Am nächsten Morgen erhoben sich nun also 5 verkaterte Gestalten und ich aus ihren Betten und genossen erst einmal einen liebevoll von Frank für uns zubereiteten Espresso ;) Während der Rest aufgrund des extensiven Alkoholkonsums am vorherigen Abend noch etwas mit dem Appetit und Hunger zu kämpfen hatten, freute ich mich schon richtig auf das Frühstück, dass wir in einem der Hafencafés zu uns nehmen wollten. Vorher musste jedoch für Frank noch ein Mysterium geklärt werden: Dieser war nämlich in der Mitte der Nacht aufgewacht und hatte das Bett unter sich komplett durchnässt vorgefunden. „Ach du Scheiße!“, war natürlich gleich sein Gedanke, „Hab ich ins Bett gemacht?!“ Doch das Abtasten seiner Hose ergab, dass das nicht der Fall seien konnte, denn diese war trocken. Er erinnerte sich also wieder daran, vor dem Einschlafen noch etwas getrunken zu haben, vermutete also richtiger Weise, dass die Nässe von seiner Wasserflasche stammen würde – diese war aber magischer Weise verschwunden ;) Der Austausch über die Erfahrungen, die wir beide in der Nacht gemacht hatten, resultierten in ausgiebigen Lachanfällen und machten mein vermeintliches „Angepinkelt-werden“ zum Running-Gag des Morgens.

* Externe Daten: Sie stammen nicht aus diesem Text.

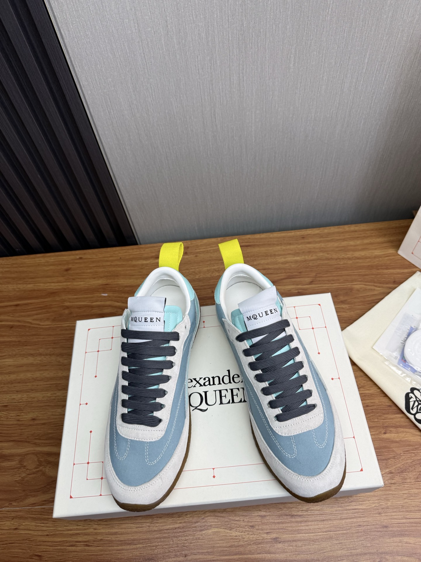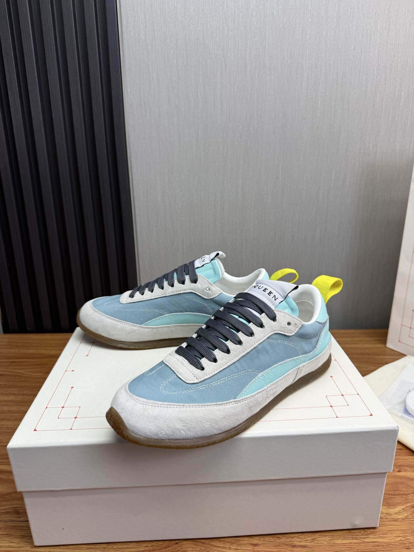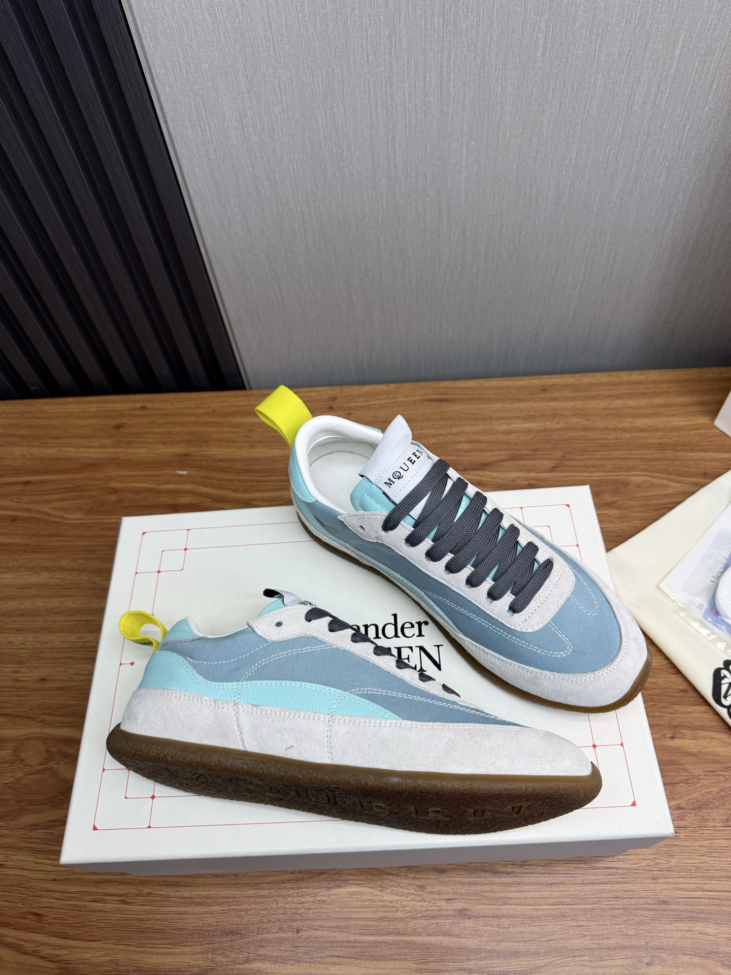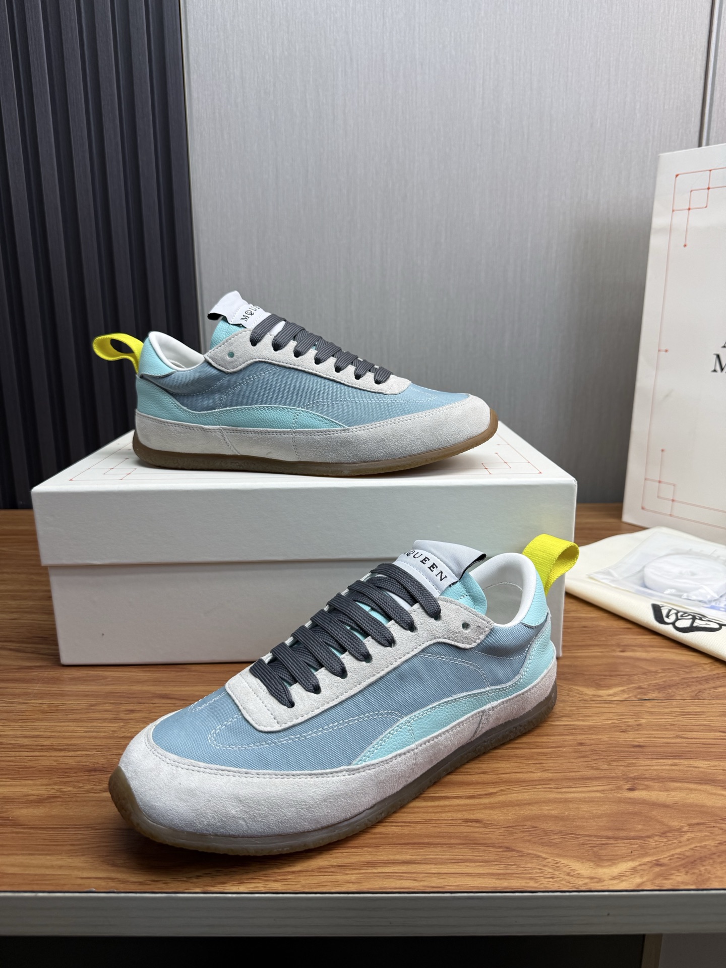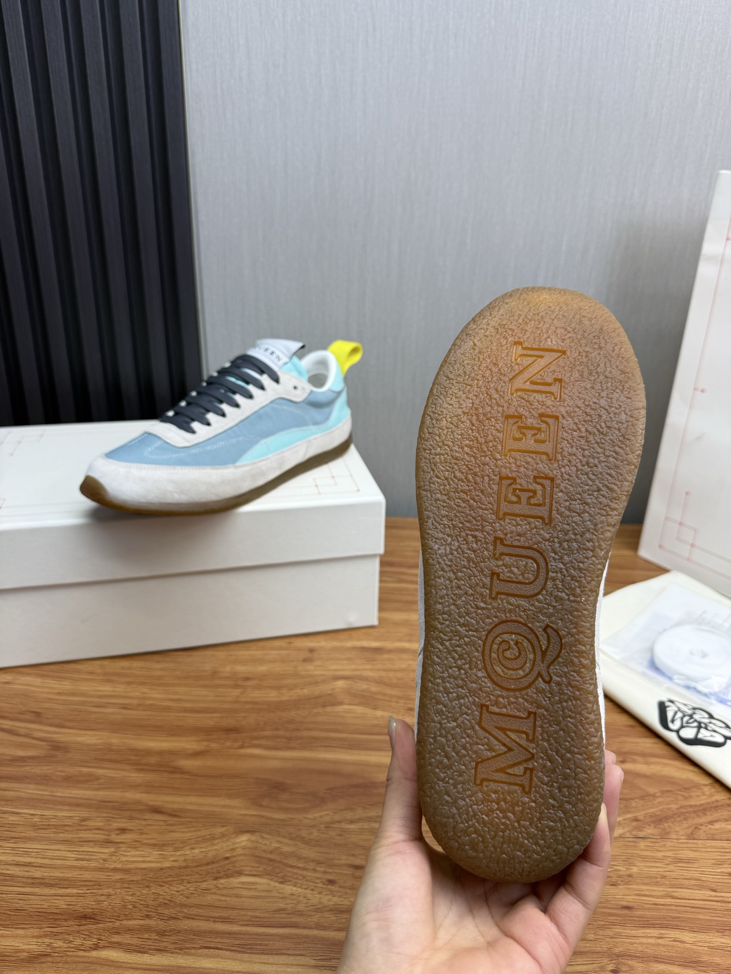這款鞋子是AAAAA 1:1 質量(非常棒). 使用了和原版一模一樣的材料. 商標部分也保持了和麥奎恩/McQueen一樣. 圖片拍攝是實物鞋子拍攝, 您所收到的實物保證和我們圖片一模一樣.

Das Frühstück fiel dann beim Großteil der Gruppe mit lediglich einem Milchshake recht spärlich aus, während ich mir 2 Scheiben Banana-Bread bestellte, um meinen Körper für die neu verschriebenen Antibiotika vorzubereiten, die ich heute zum ersten Mal nehmen sollte.

Kaum hatte ich diese zu mir genommen (vermutlich mit zu wenig Flüssigkeit), verschlechterte sich meine Verfassung jedoch schlagartig und mein Kreislauf schien sich dazu entschieden zu haben, mich nicht mehr zu mögen. Leider sollte sich meine Verfassung den ganzen Tag nicht mehr verändern, doch Jammern hilft nichts und da für den Abend nicht genug Personal da war, musste ich sogar zur Arbeit erscheinen. Ich hoffte nur, dass die Einnahme der Medikamente nicht jeden Tag in solchen Beschwerden resultieren würde. Na ja, wenigstens konnte ich nun mit meinen Boots-Kumpanen mitfühlen ;)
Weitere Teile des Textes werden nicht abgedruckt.